1、Spark操作Hudi

1.1、Spark-shell启动

// spark-shell for spark 3
spark-shell \
  --packages org.apache.hudi:hudi-spark3-bundle_2.12:0.10.0,org.apache.spark:spark-avro_2.12:3.1.2 \
  --conf 'spark.serializer=org.apache.spark.serializer.KryoSerializer'
  
// spark-shell for spark 2 with scala 2.12
spark-shell \
  --packages org.apache.hudi:hudi-spark-bundle_2.12:0.10.0,org.apache.spark:spark-avro_2.12:2.4.4 \
  --conf 'spark.serializer=org.apache.spark.serializer.KryoSerializer'
  
// spark-shell for spark 2 with scala 2.11
spark-shell \
  --packages org.apache.hudi:hudi-spark-bundle_2.11:0.10.0,org.apache.spark:spark-avro_2.11:2.4.4 \
  --conf 'spark.serializer=org.apache.spark.serializer.KryoSerializer'

1.2、设置表名

        设置表名，基本路径和数据生成器

// spark-shell
import org.apache.hudi.QuickstartUtils._
import scala.collection.JavaConversions._
import org.apache.spark.sql.SaveMode._
import org.apache.hudi.DataSourceReadOptions._
import org.apache.hudi.DataSourceWriteOptions._
import org.apache.hudi.config.HoodieWriteConfig._

val tableName = "hudi_trips_cow"
val basePath = "file:///tmp/hudi_trips_cow"
val dataGen = new DataGenerator

1.3、数据写入

// spark-shell
val inserts = convertToStringList(dataGen.generateInserts(10))
val df = spark.read.json(spark.sparkContext.parallelize(inserts, 2))
df.write.format("hudi").
  options(getQuickstartWriteConfigs).
  option(PRECOMBINE_FIELD_OPT_KEY, "ts").
  option(RECORDKEY_FIELD_OPT_KEY, "uuid").
  option(PARTITIONPATH_FIELD_OPT_KEY, "partitionpath").
  option(TABLE_NAME, tableName).
  mode(Overwrite).
  save(basePath)

1.4、查询数据

// spark-shell
val tripsSnapshotDF = spark.
  read.
  format("hudi").
  load(basePath)
//load(basePath) use "/partitionKey=partitionValue" folder structure for Spark auto partition discovery
tripsSnapshotDF.createOrReplaceTempView("hudi_trips_snapshot")
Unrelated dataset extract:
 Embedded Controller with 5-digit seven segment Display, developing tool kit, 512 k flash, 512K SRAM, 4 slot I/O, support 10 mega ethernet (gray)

spark.sql("select fare, begin_lon, begin_lat, ts from  hudi_trips_snapshot where fare > 20.0").show()
spark.sql("select _hoodie_commit_time, _hoodie_record_key, _hoodie_partition_path, rider, driver, fare from  hudi_trips_snapshot").show()

1.5、修改数据

// spark-shell
val updates = convertToStringList(dataGen.generateUpdates(10))
val df = spark.read.json(spark.sparkContext.parallelize(updates, 2))
df.write.format("hudi").
  options(getQuickstartWriteConfigs).
  option(PRECOMBINE_FIELD_OPT_KEY, "ts").
  option(RECORDKEY_FIELD_OPT_KEY, "uuid").
  option(PARTITIONPATH_FIELD_OPT_KEY, "partitionpath").
  option(TABLE_NAME, tableName).
  mode(Append).
  save(basePath)

1.6、增量查询

// spark-shell
// reload data
spark.
  read.
  format("hudi").
  load(basePath).
  createOrReplaceTempView("hudi_trips_snapshot")
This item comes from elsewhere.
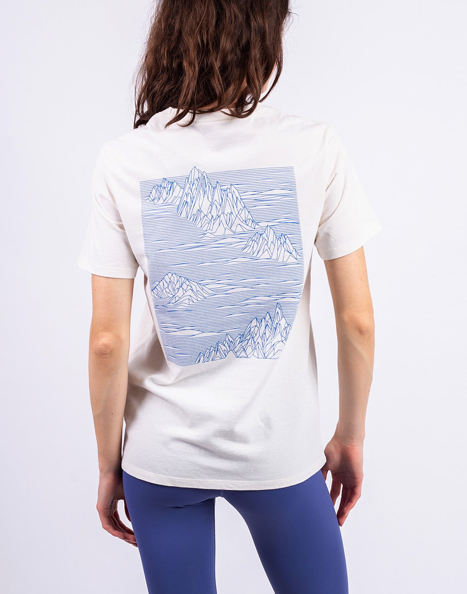 Patagonia Strataspire Responsibili-Tee - classic t-shirt made from recycled materials with a large graphic print on the back.

val commits = spark.sql("select distinct(_hoodie_commit_time) as commitTime from  hudi_trips_snapshot order by commitTime").map(k => k.getString(0)).take(50)
val beginTime = commits(commits.length - 2) // commit time we are interested in

// incrementally query data
val tripsIncrementalDF = spark.read.format("hudi").
  option(QUERY_TYPE_OPT_KEY, QUERY_TYPE_INCREMENTAL_OPT_VAL).
  option(BEGIN_INSTANTTIME_OPT_KEY, beginTime).
  load(basePath)
tripsIncrementalDF.createOrReplaceTempView("hudi_trips_incremental")
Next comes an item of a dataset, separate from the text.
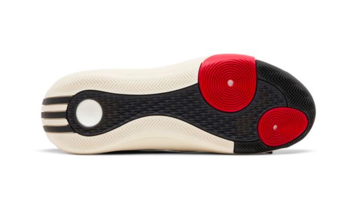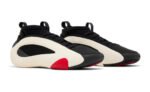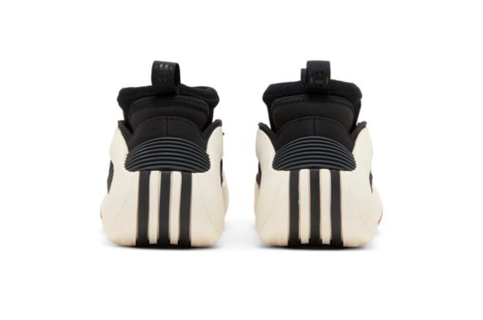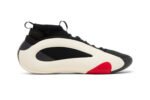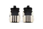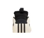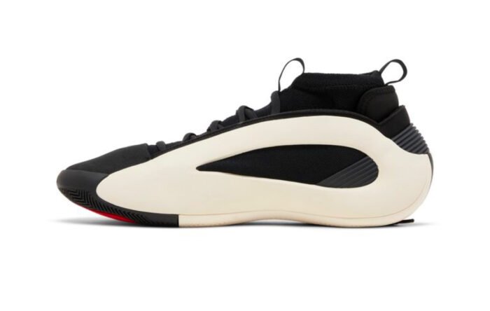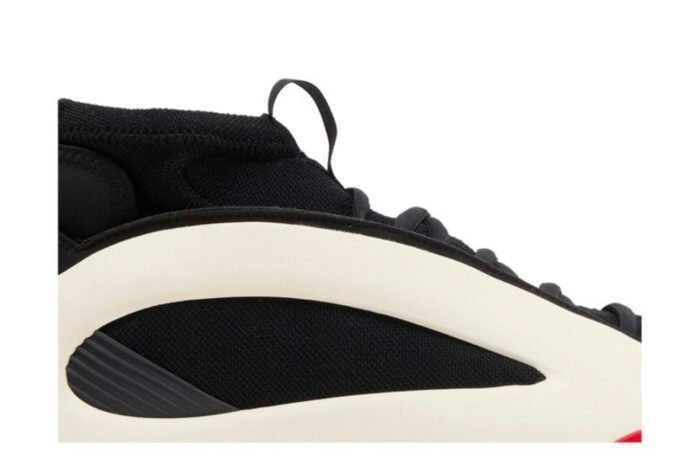 This performance basketball shoe features a supportive EVA frame that looks like an off-white teardrop. It provides structure around the sock-like inner cuff, which allows the cuff to fit securely from toe to ankle. The EVA frame wraps around the arch and extends into a Boost midsole in the same Cloud White hue. The upper is made of black textile that wraps around the foot, while a panel of black leather wraps around the toe area. There are no branding details on the upper, which contributes to the sneaker’s futuristic aesthetic.

spark.sql("select `_hoodie_commit_time`, fare, begin_lon, begin_lat, ts from  hudi_trips_incremental where fare > 20.0").show()

1.7、时间点查询

// spark-shell
val beginTime = "000" // Represents all commits > this time.
val endTime = commits(commits.length - 2) // commit time we are interested in

//incrementally query data
val tripsPointInTimeDF = spark.read.format("hudi").
  option(QUERY_TYPE_OPT_KEY, QUERY_TYPE_INCREMENTAL_OPT_VAL).
  option(BEGIN_INSTANTTIME_OPT_KEY, beginTime).
  option(END_INSTANTTIME_OPT_KEY, endTime).
  load(basePath)
tripsPointInTimeDF.createOrReplaceTempView("hudi_trips_point_in_time")
spark.sql("select `_hoodie_commit_time`, fare, begin_lon, begin_lat, ts from hudi_trips_point_in_time where fare > 20.0").show()

1.8、删除数据

// spark-shell
// fetch total records count
spark.sql("select uuid, partitionpath from hudi_trips_snapshot").count()
// fetch two records to be deleted
val ds = spark.sql("select uuid, partitionpath from hudi_trips_snapshot").limit(2)

// issue deletes
val deletes = dataGen.generateDeletes(ds.collectAsList())
val df = spark.read.json(spark.sparkContext.parallelize(deletes, 2))

df.write.format("hudi").
  options(getQuickstartWriteConfigs).
  option(OPERATION_OPT_KEY,"delete").
  option(PRECOMBINE_FIELD_OPT_KEY, "ts").
  option(RECORDKEY_FIELD_OPT_KEY, "uuid").
  option(PARTITIONPATH_FIELD_OPT_KEY, "partitionpath").
  option(TABLE_NAME, tableName).
  mode(Append).
  save(basePath)

// run the same read query as above.
val roAfterDeleteViewDF = spark.
  read.
  format("hudi").
  load(basePath)

roAfterDeleteViewDF.registerTempTable("hudi_trips_snapshot")
// fetch should return (total - 2) records
spark.sql("select uuid, partitionpath from hudi_trips_snapshot").count()

1.9、覆盖数据

// spark-shell
spark.
  read.format("hudi").
  load(basePath).
  select("uuid","partitionpath").
  sort("partitionpath","uuid").
  show(100, false)

val inserts = convertToStringList(dataGen.generateInserts(10))
val df = spark.
  read.json(spark.sparkContext.parallelize(inserts, 2)).
  filter("partitionpath = 'americas/united_states/san_francisco'")
df.write.format("hudi").
  options(getQuickstartWriteConfigs).
  option(OPERATION.key(),"insert_overwrite").
  option(PRECOMBINE_FIELD.key(), "ts").
  option(RECORDKEY_FIELD.key(), "uuid").
  option(PARTITIONPATH_FIELD.key(), "partitionpath").
  option(TBL_NAME.key(), tableName).
  mode(Append).
  save(basePath)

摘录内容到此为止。